**DESCRIPTION OF THE TASK**
Below is a block of entries, which should be copied verbatim apart from the pictures.

Recorded data:
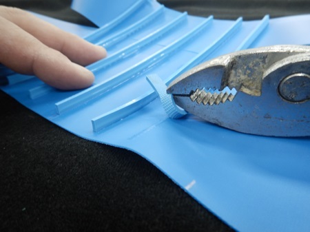 ① マーキング用シート端の未溶着部分を引っ張りながら、規定の溶剤をかける。(写真①)
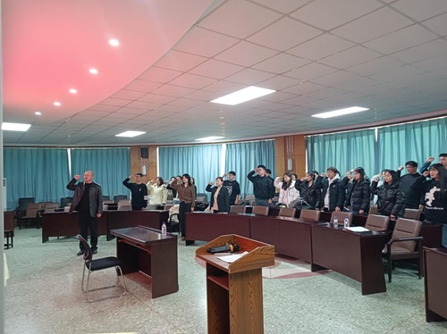 党委书记李丙文以“书写清廉人生,担当青春使命”为主题为毕业生上了一堂生动的党课。通过多个典型案例教育毕业生党员要筑牢廉政防火墙,知敬畏、存戒惧、守底线,要始终将廉洁自律刻印在心,内化为言行准则。随后,李丙文书记带领全体参会党员重温入党誓词。最后,毕业生党员再次参观学校廉政长廊,并在《廉洁从业倡议书》上郑重签名。
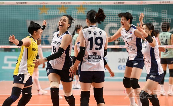 23일 서울 장충체육관에서 열린 ‘2022~2023 도드람 V-리그’ 여자부 GS칼텍스와 IBK기업은행 경기에서 세트스코어 3-1 승리를 거둔 IBK기업은행 선수들이 환호하고 있다.
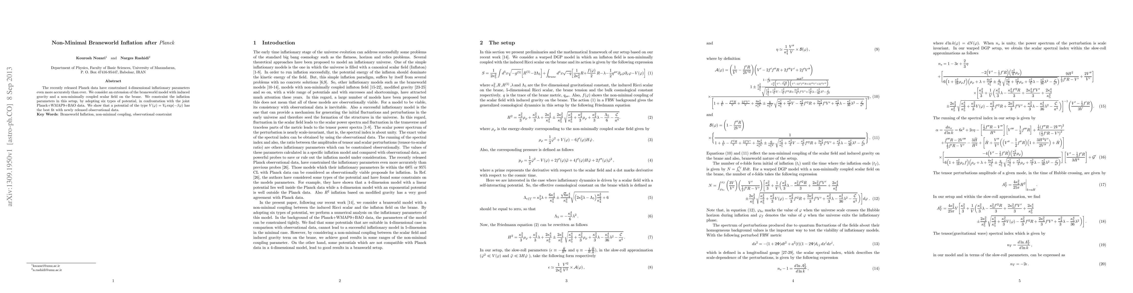 This paper explores an extended braneworld model with non-minimally coupled scalar field inflation, constrained by recent Planck data. It finds that a potential of the form $V(\varphi)=V_{0}\exp(-\beta\varphi)$ provides the best fit to observational data from Planck, WMAP9, and BAO.
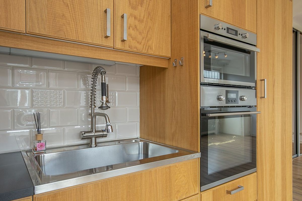 Dankzij de gunstige hoekligging geniet u in zowel de woonkamer als de eetkamer/ open keuken van de vele raampartijen, die de ruimte vullen met natuurlijk licht. De keuken is netjes onderhouden, voorzien van diverse inbouwapparatuur en biedt voldoende werkruimte om maaltijden te bereiden. Vanuit de keuken stapt u zo het balkon op, gelegen op het noordoosten, met uitzicht op de rustige straat en de groenstrook.
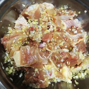 鸡腿剁成小块,把葱姜蒜拌入,调制均匀。
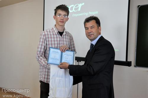 Проректор по учебной работе, а по совместительству заместитель председателя оргкомитета олимпиады В.К. Ильин наградил победителей и призеров олимпиады грамотами и ценными призами. Владимир Кузьмич рассказал о преимуществах получения высшего образования в нашем вузе, ответил на все интересующие вопросы будущих студентов и их родителей. Присоединяемся к поздравлениям и желаем дальнейших успехов всем участникам олимпиады!
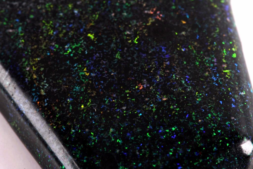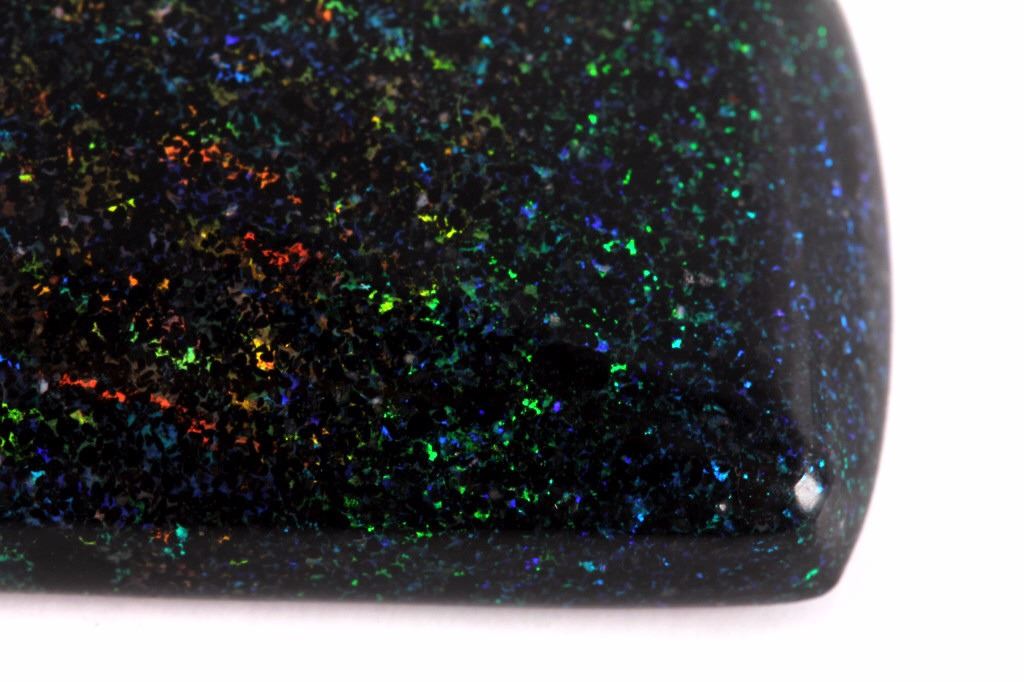 This is an Australian Fairy Sandstone Matrix Opal cabochon. The opal was mined in the Outback of Australia. The piece shows fantastic diffraction with deep rich colors of blue, green, orange and red. The opal is in good condition. Previous wholesale price for this piece was $1240. The cabochon measures 1" x 1.25" and weighs 28.5 carats.
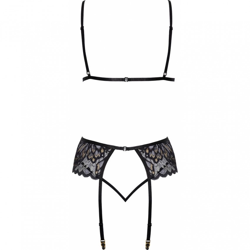Toate piesele sunt moi și elastice pentru o potrivire destul de confortabilă. Sutienul are bretele ajustabile și o prindere cu cârlig la spate. Portjartierul are, de asemenea, o prindere cu cârlig la spate și bretele reglabile. Panty-ul mic, fantezist, este foarte seducător pentru că are două bretele înguste, elastice, care se îmbină în zona picioarelor. Stockings nu sunt incluse.
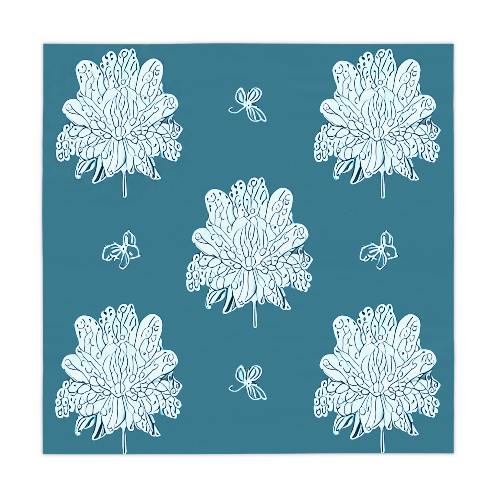 Tif Green White Floral Butterflies Tablecloth, 55" x 55"

**EXERCISE OUTPUT**
 ① マーキング用シート端の未溶着部分を引っ張りながら、規定の溶剤をかける。(写真①)
 党委书记李丙文以“书写清廉人生,担当青春使命”为主题为毕业生上了一堂生动的党课。通过多个典型案例教育毕业生党员要筑牢廉政防火墙,知敬畏、存戒惧、守底线,要始终将廉洁自律刻印在心,内化为言行准则。随后,李丙文书记带领全体参会党员重温入党誓词。最后,毕业生党员再次参观学校廉政长廊,并在《廉洁从业倡议书》上郑重签名。
 23일 서울 장충체육관에서 열린 ‘2022~2023 도드람 V-리그’ 여자부 GS칼텍스와 IBK기업은행 경기에서 세트스코어 3-1 승리를 거둔 IBK기업은행 선수들이 환호하고 있다.
 This paper explores an extended braneworld model with non-minimally coupled scalar field inflation, constrained by recent Planck data. It finds that a potential of the form $V(\varphi)=V_{0}\exp(-\beta\varphi)$ provides the best fit to observational data from Planck, WMAP9, and BAO.
 Dankzij de gunstige hoekligging geniet u in zowel de woonkamer als de eetkamer/ open keuken van de vele raampartijen, die de ruimte vullen met natuurlijk licht. De keuken is netjes onderhouden, voorzien van diverse inbouwapparatuur en biedt voldoende werkruimte om maaltijden te bereiden. Vanuit de keuken stapt u zo het balkon op, gelegen op het noordoosten, met uitzicht op de rustige straat en de groenstrook.
 鸡腿剁成小块,把葱姜蒜拌入,调制均匀。
 Проректор по учебной работе, а по совместительству заместитель председателя оргкомитета олимпиады В.К. Ильин наградил победителей и призеров олимпиады грамотами и ценными призами. Владимир Кузьмич рассказал о преимуществах получения высшего образования в нашем вузе, ответил на все интересующие вопросы будущих студентов и их родителей. Присоединяемся к поздравлениям и желаем дальнейших успехов всем участникам олимпиады!
 This is an Australian Fairy Sandstone Matrix Opal cabochon. The opal was mined in the Outback of Australia. The piece shows fantastic diffraction with deep rich colors of blue, green, orange and red. The opal is in good condition. Previous wholesale price for this piece was $1240. The cabochon measures 1" x 1.25" and weighs 28.5 carats.
Toate piesele sunt moi și elastice pentru o potrivire destul de confortabilă. Sutienul are bretele ajustabile și o prindere cu cârlig la spate. Portjartierul are, de asemenea, o prindere cu cârlig la spate și bretele reglabile. Panty-ul mic, fantezist, este foarte seducător pentru că are două bretele înguste, elastice, care se îmbină în zona picioarelor. Stockings nu sunt incluse.
 Tif Green White Floral Butterflies Tablecloth, 55" x 55"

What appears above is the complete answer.